Apache CarbonData Dev Mailing List archive - Re: [Discussion] Minimize the Btree size and unify the driver and executor Btrees.

Apache CarbonData Dev Mailing List archive

Re: [Discussion] Minimize the Btree size and unify the driver and executor Btrees.

Posted by kumarvishal09 on May 18, 2017; 7:31am
URL: http://apache-carbondata-dev-mailing-list-archive.168.s1.nabble.com/Discussion-Minimize-the-Btree-size-and-unify-the-driver-and-executor-Btrees-tp12771p12865.html

Hi Ravi,

I have few queries related to both the solution.

1. To reduce the java heap for Btree , we can remove the Btree data
structure and use simple single array and do binary search on it. And also
we should move this cached arrays to unsafe (offheap/onheap) to reduce the
burden on GC.

Single array of object?? If user is loading small data in each load so we
will save only intermediate node of btree by maintaining in array. Yes by
maintaining all the metadata(startkey, min,max) in offheap will reduce
memory footprint. Is it possible to maintain data in single byte array and
maintaining the offset of each key for each column??

2. Unify the btree to single Btree instead of 2 and load at driver side.
So that only one lookup can be done to find the blocklets directly. And
executors are not required to load the btree for every query.

If we unify the btree to single btree, then it will be loaded in driver
side, so driver will need more memory to maintain this metadata and for
each query driver needs to do blocklet level pruning, in case of concurrent
query driver may be overloaded. And how we will send this metadata
information (offset of each column in file and other metadata) to executor,
serializing and deserializing this metadata cost also we need to consider.
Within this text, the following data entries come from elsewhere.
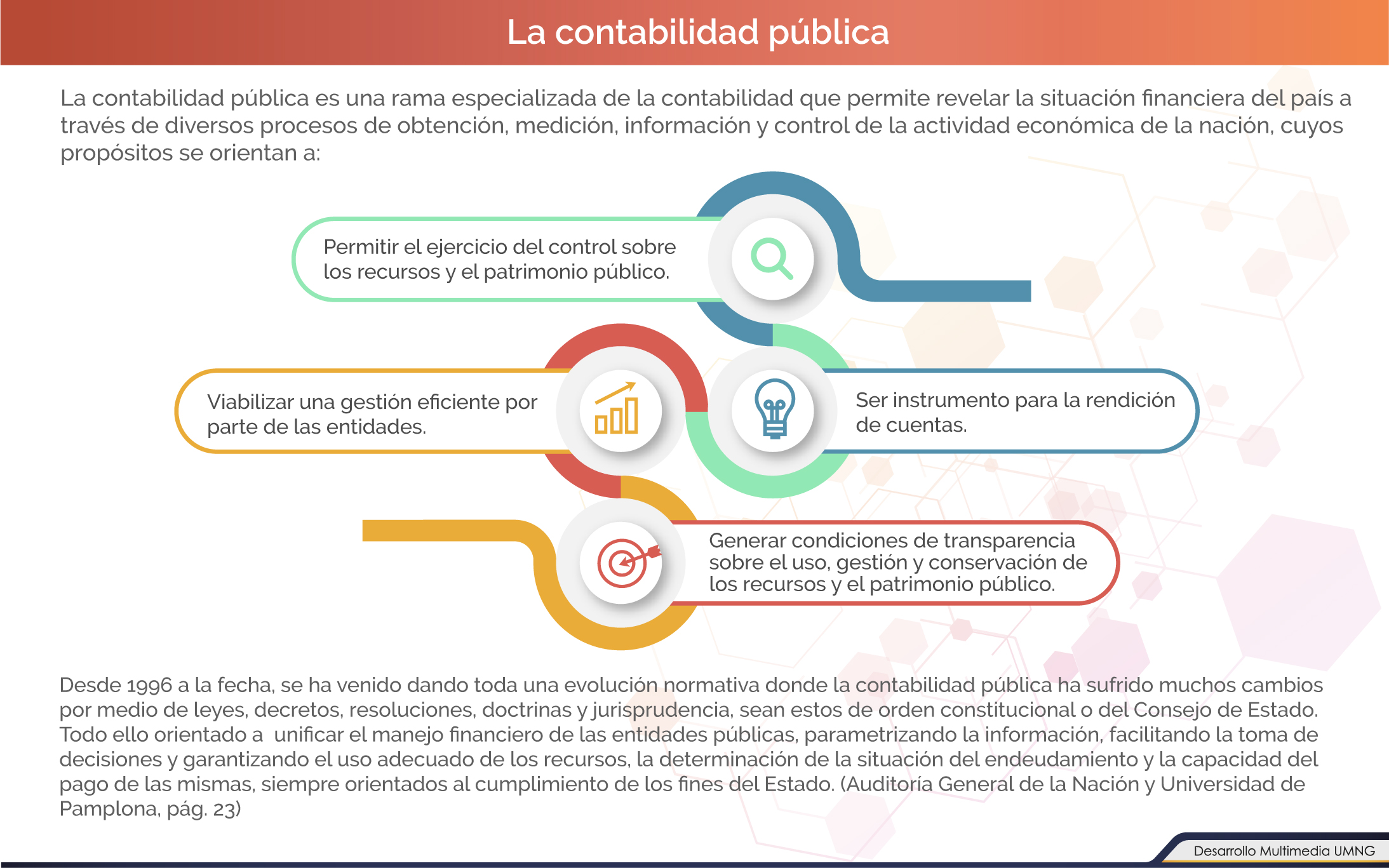 El Estado para el funcionamiento y cumplimiento de los fines constitucionalmente establecidos, tiene en su estructura organizaciones o entidades públicas que van desde las encargadas de recaudar, administrar y ejecutar los tributos del Estado hasta las empresas industriales y comerciales, tanto en el orden nacional como territorial, todas ellas deben contar con un sistema contable que permita observar su situación financiera y el resultado de sus operaciones, constituyéndose por tanto en factor clave para la evaluación de la gestión y el control del uso de los recursos públicos.
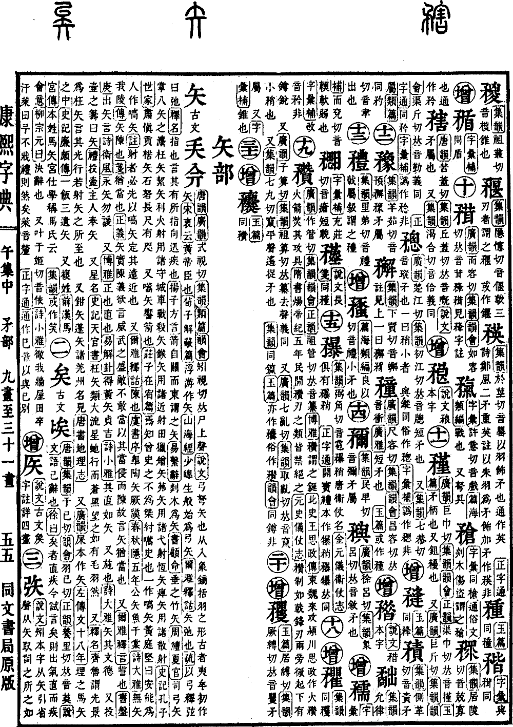 〔古文〕𠂕𠓡《唐韵》《广韵》式视切《集韵》《类篇》《韵会》矧视切,𠀤尸上声。《说文》弓弩矢也。从入,象镝括羽之形。古者夷牟初作矢。《宋衷云》黄帝臣也。《荀子·解蔽篇》浮游作矢。《山海经》少皡生般,始为弓矢。《尔雅·释诂》矢,弛也。《疏》以弓释弦曰弛。《释名》指也,言其有所指向,迅疾也。《扬子·方言》箭,自关而东谓之矢。《易·系辞》剡木为矢。《书·顾命》垂之竹矢。《周礼·夏官》司弓矢,掌八矢之灋。枉矢,絜矢,利火射,用诸守城车战。杀矢,鍭矢,用诸近射田猎。矰矢,茀矢,用诸弋射。恒矢,𤷒矢,用诸散射。《史记·孔子世家》肃愼贡楛矢石砮,长尺有咫。 又嚆矢,响箭也。《庄子·在宥篇》焉知曾史之不为桀纣嚆史也。一作嗃矢。黄庭坚曰:安能为人作嗃矢。《注》射者必先以嗃矢定其远近也。 又《尔雅·释诂》𨻰也。《虞书序》臯陶矢阙谟。《春秋·隐五年》公矢鱼于棠。《诗·大雅》无矢我陵。《传》矢,𨻰也。《笺》犹当也。《正义》矢实𨻰义,欲言威武之盛,敌不敢当,以其当侵而𨻰,故言矢犹当也。 又《尔雅·释言》誓也。《书·盘庚》出矢言。《诗·衞风》永矢勿谖。 又《博雅》正也。直也。《易·解卦》得黄矢贞吉。《诗·小雅》其直如矢。 又施也。《诗·大雅》矢其文德。 又投壷之筹曰矢。《礼·投壷》主人奉矢。 又星名。《史记·天官书》枉矢,类大流星,虵行而苍黑,望之如有毛羽然。 又《释名》齐鲁谓光景为枉矢,言其光行若射矢之所至也。 又钳矢,蓬矢,诸羌州名。见《唐书·地理志》。 又《广韵》屎本作矢。《左传·文十八年》埋之马矢之中。《史记·廉颇传》一饭三遗矢。 又复姓。《前汉·马宫传》本姓马矢,宫仕学,称马氏云。 《集韵》或作𥬘。
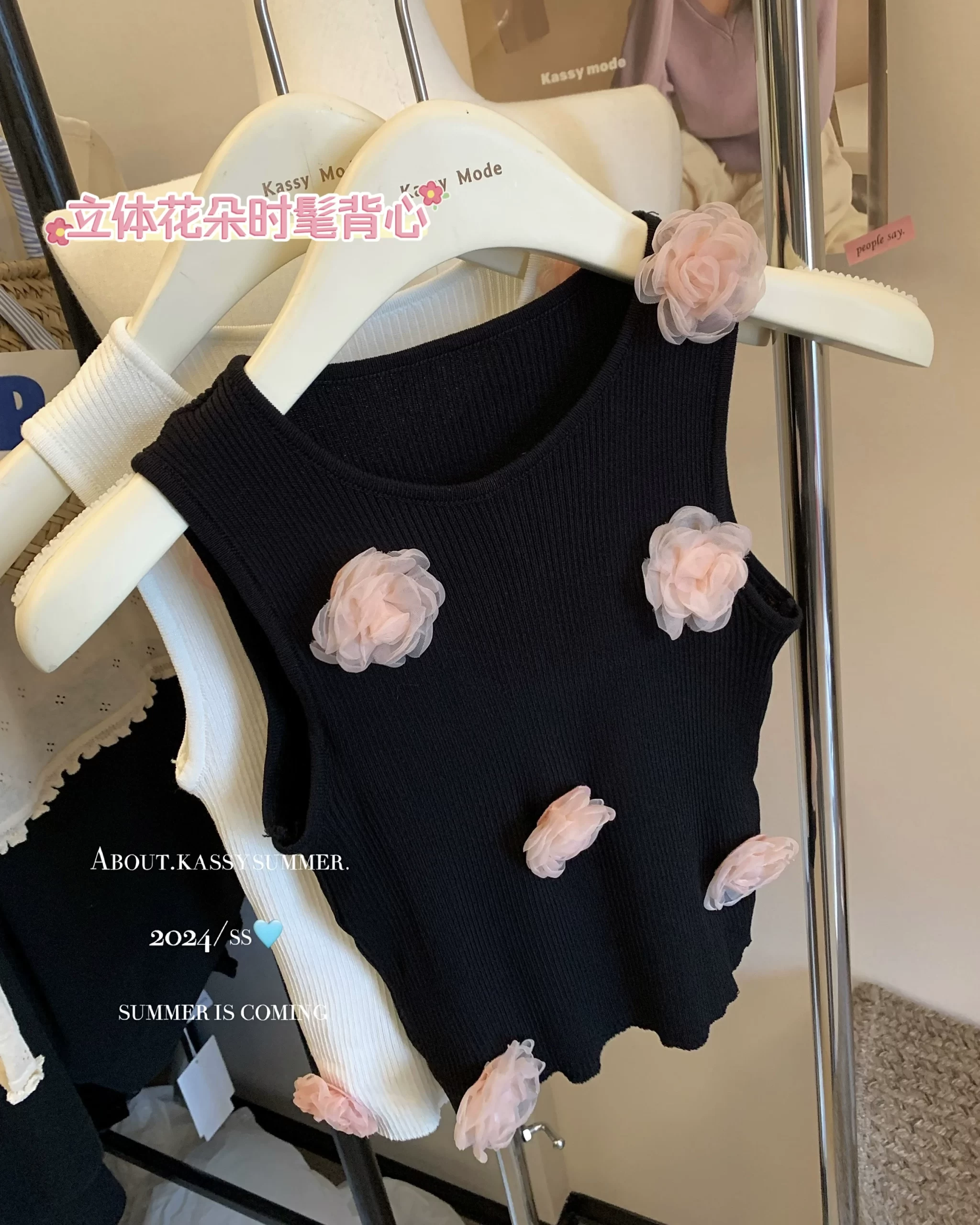kumikumi three-dimensional slim bottoming top with flowers

Please correct me if my comments are not valid.

-Regards
Kumar Vishal

On Thu, May 18, 2017 at 12:33 PM, Ravindra Pesala <[hidden email]>
wrote:

> Hi Liang,
>
> Yes Liang , it will be done in 2 parts. At first reduce the size of the
> btree and then merge the driver side and executor btree to single btree.
>
> Regards,
> Ravindra.
>
> On 17 May 2017 at 19:28, Liang Chen <[hidden email]> wrote:
>
> > Hi Ravi
> >
> > Thank you bringing this improvement discussion to mailing list.
> >
> > One question , the point1 how to solve the below issues ? there are still
> > two part index info in driver and executor side ?
> > ------------------------------------------------------------
> > ----------------------------------------
> > And also chances of loading btree on each executor is more for every
> query
> > because there is no guarantee that same block goes to same executor every
> > time. It will be worse in case of dynamic containers.
> >
> > Regards
> > Liang
> >
> > 2017-05-17 7:33 GMT-04:00 Ravindra Pesala <[hidden email]>:
> >
> > > Hi,
> > >
> > > *1. Current problem.*
> > > 1.There is more size taking on java heap to create Btree for index
> file.
> > > It is because we create multiple objects for each leaf node so it takes
> > > more memory inside heap than actual size of index file. while doing LRU
> > > cache also we are considering only index file size instead of objects
> > size
> > > so it impacts the eviction process of LRU cache.
> > > 2. Currently we load one btree on driver side to find the blocks and
> > load
> > > another btree on executor side to find the blocklets. After we have
> > > increased the blocklet size to 128 mb and decrease the table_block size
> > to
> > > 256 mb the number of nodes inside driver side btree and executor side
> > btree
> > > is not much different. So it would be overhead to read the same
> > information
> > > twice.
> > > And also chances of loading btree on each executor is more for every
> > query
> > > because there is no guarantee that same block goes to same executor
> every
> > > time. It will be worse in case of dynamic containers.
> > >
> > > *2. Proposed solution.*
> > > 1. To reduce the java heap for Btree , we can remove the Btree data
> > > structure and use simple single array and do binary search on it. And
> > also
> > > we should move this cached arrays to unsafe (offheap/onheap) to reduce
> > the
> > > burden on GC.
> > > 2. Unify the btree to single Btree instead of 2 and load at driver
> side.
> > > So that only one lookup can be done to find the blocklets directly. And
> > > executors are not required to load the btree for every query.
> > > We can consider moving this to separate metadata service eventually
> > > once the memory footprint get reduced.
> > >
> > > First I will consider point 1 reduce the btree size after that I
> consider
> > > merging of btrees.
> > >
> > > Please comment on it.
> > >
> > > --
> > > Thanks & Regards,
> > > Ravindra.
> > >
> >
> >
> >
> > --
> > Regards
> > Liang
> >
>
>
>
> --
> Thanks & Regards,
> Ravi
>

kumar vishal